Excessive yielding means exceeding the plastic load carrying capacity of the joint. Leakage means exceeding a target leak rate. Fatigue design involves minimizing flange stress concentrations or stress raisers, keeping the operating bolt stress ranges low and avoidance of flange face separation to have no relative motions between seating surface and seal ring/gasket to avoid seal degradation. This may be obtained by an elliptical transition between flange and hub in addition to using high bolt preload. Materials selection and qualification are normally done to ensure that the materials are sufficiently ductile and have sufficient fracture toughness.

Design rules The codes provide design rules for raised face and flat

face to face connections, e.g.
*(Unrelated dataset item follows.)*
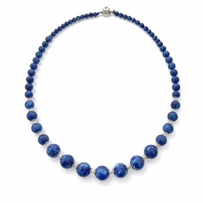 Náhrdelník z pravého lapis lazuli v sytě modrém odstínu s přirozenými zlatavými inkluzemi. Velikost korálků se plynule zmenšuje od 10 mm uprostřed po 4 mm směrem k zapínání, díky čemuž náhrdelník přirozeně kopíruje linii krku a působí elegantně. Do poloviny délky jsou perly jemně doplněny prvky ve stříbrné barvě, které šperku dodávají lehkost a jemně ho opticky odlehčují. Šperk je navlečen na pevné hedvábné niti, která zajišťuje příjemné nošení i dlouhou životnost. Zapínání s 18karátovým pozlacením podtrhuje jeho výrazný, ale decentní charakter. Délka náhrdelníku je přibližně 46 cm.

ASME VIII and EN 1591. However, the interaction between flange, gasket and bolts are treated different in the various codes and considerable discrepancies are found between these codes.

ASME VIII rules are applicable for design of two connection types subjected to pressure only; i.e. the ring type joint with the gasket as a load carrying element and full-face-contact type flanges with self-energized gaskets. In the former,

bolt load depends solely on gasket pressure and internal hydrostatic pressure. The elastic based calculation method for these joints is that developed by Waters, et al in 1937, and the gasket factors introduced by Rossheim and Markl in 1943. It is often named the Taylor Forge method. In the latter, the bolt load must also balance the contact force between mating flanges outside the bolt circle, and this involves the flange flexibility. The Taylor Forge method is subjected to several limitations, e.g. see list in PD 6438:1969.

The prEN 13445-3:1999 provides rules based on the Taylor Forge method for pressure design, however, it opens for use of a more modern alternative design method given in EN 1591. EN 1591 considers pressure, external axial forces and bending moments, nonlinear elastic behavior of the gasket and axial thermal effects. The EN 1591 applies limit load criteria for all parts of the flanged connection taking into account the scatter of the bolt preload. The leak tightness and strength criteria consider the life of the joint including bolting up, test and operation. The EN 1591 method is considered to be an improvement of the Taylor-Forge model.

Code safety factors The justification of the code design stresses in pressure

vessel and piping codes is experience, rather than rational analysis of the material response to the loading. ASME VIII was first published in 1915. The design (membrane) stress was originally taken as one fifth of the tensile strength. The so called “safety factors” have come down from 5 in the original ASME code to 3.0 in ASME VIII Div. 2, to 2.4 in draft EN codes, where other properties are also considered. However, for the brittle steels of that time, tensile strength was an adequate limiting property.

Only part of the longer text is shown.